The benefits of the balanced scorecard approach in measuring performance are:

Gives the complete picture of the employee as well as the organizational performance. It guides users in determining the critical success factors and performance indicators.

Strategic review or analysis of the organizational capabilities and performance.

Focusing the whole organization on the few key things needed to create breakthrough performance.

Integrating and directing the performance and efforts from the lowest levels in the organization to achieve excellent overall performance.

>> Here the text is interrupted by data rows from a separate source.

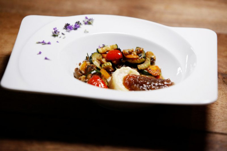Die Vorspeise: Grillgemüse mit Ziegenkäse und Apfel-Balsamico Chutney.
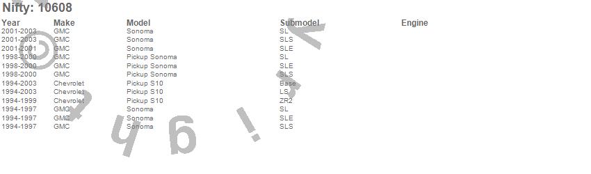 Below is an abbreviated list of applications for the Pro-Line Replacement Carpet.S10 Pickup, Sonoma, Chevrolet, GMC, 2003, 2002, 2001, 2000, 1999, 1998, 1997, 1996, 1995, 1994
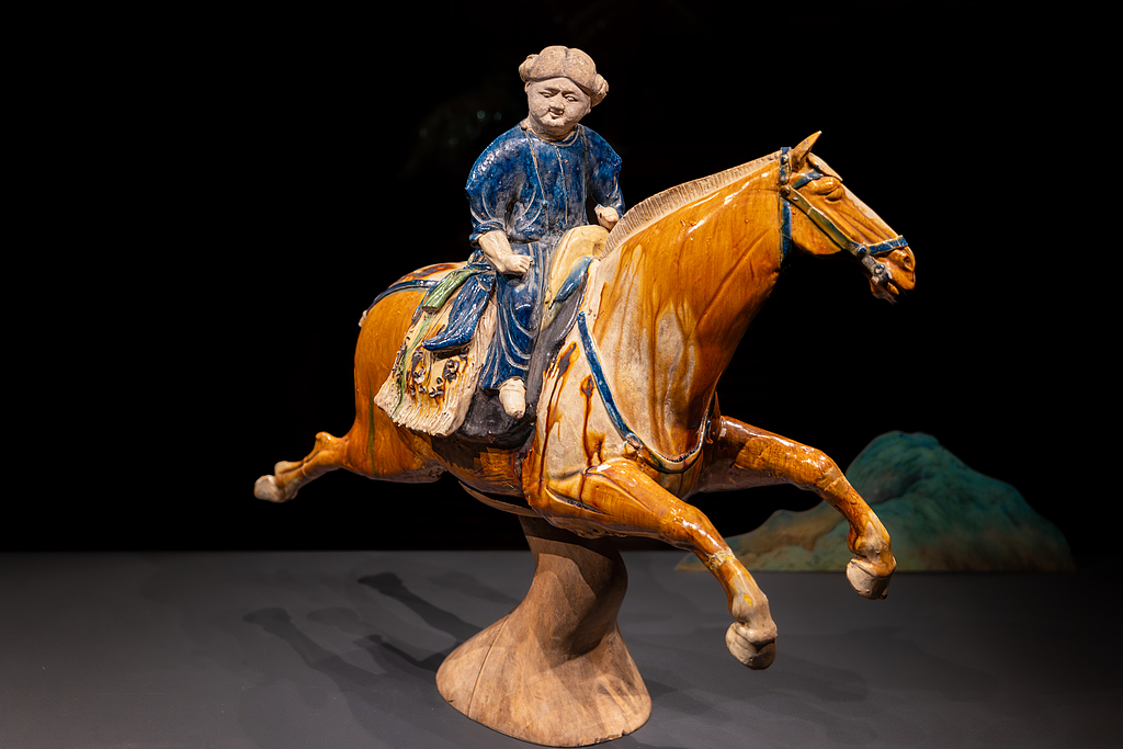 如果说黑釉马藏着盛唐的沉稳,那这匹三彩腾空马,就装下了整个大唐的意气风发。它出土于长安故地的唐代墓葬,是唐三彩中绝无仅有的稀世珍品。骏马四蹄腾空,昂首飞驰,马尾飞扬,浑身都透着一往无前的力量,马背上的少年胡服加身,回眸远眺,满眼都是自信与坦荡。它定格了盛唐最动人的瞬间,有丝绸之路带来的开阔眼界,有胡汉交融的鲜活风情,更有大唐子民不惧远方、奔赴山海的精气神。这不是一匹普通的陶马,而是一个盛世的缩影,让每一个看见它的人,都忍不住心生向往,爱上那个光芒万丈的大唐。

Disadvantages of Balanced Scorecard

Balanced Scorecard performance is subjective. Unlike quality levels, it cannot be quantified except by surveys or management opinion. Mandating a specific number of training hours per year to meet an “learn and innovate” doesn’t necessarily mean all employees take courses that help them in their jobs or that attending classes to fill in the quota is better than working on the assembly line. Demanding high employee moralecan hurt managers, since morale is not always a manager’s purview. Setting a goal of high morale along with lay offs to save money is counter-productive.

Balanced Scorecard does not include direct financial analysis of economic value or risk management. Goal selection under Balanced Scorecard does not automatically include opportunity cost calculations.

Because Balanced Scorecard can add a new type of reporting without necessarily improving quality or financial numbers, it can seem to be an additional set of non-value-added reporting or, worse, a distraction from achieving actual goals.

Overly abstract Balanced Scorecard goals are easy to reach but hard to quantify.

When a company is failing to meet its Balanced Scorecard goals, the goals may be re-interpreted to the current state of affairs to meet success or avoid failure. Altering the acceptance criteria for a good balanced scorecard is easier than altering the acceptance criteria for mechanical parts and hence the reject rate.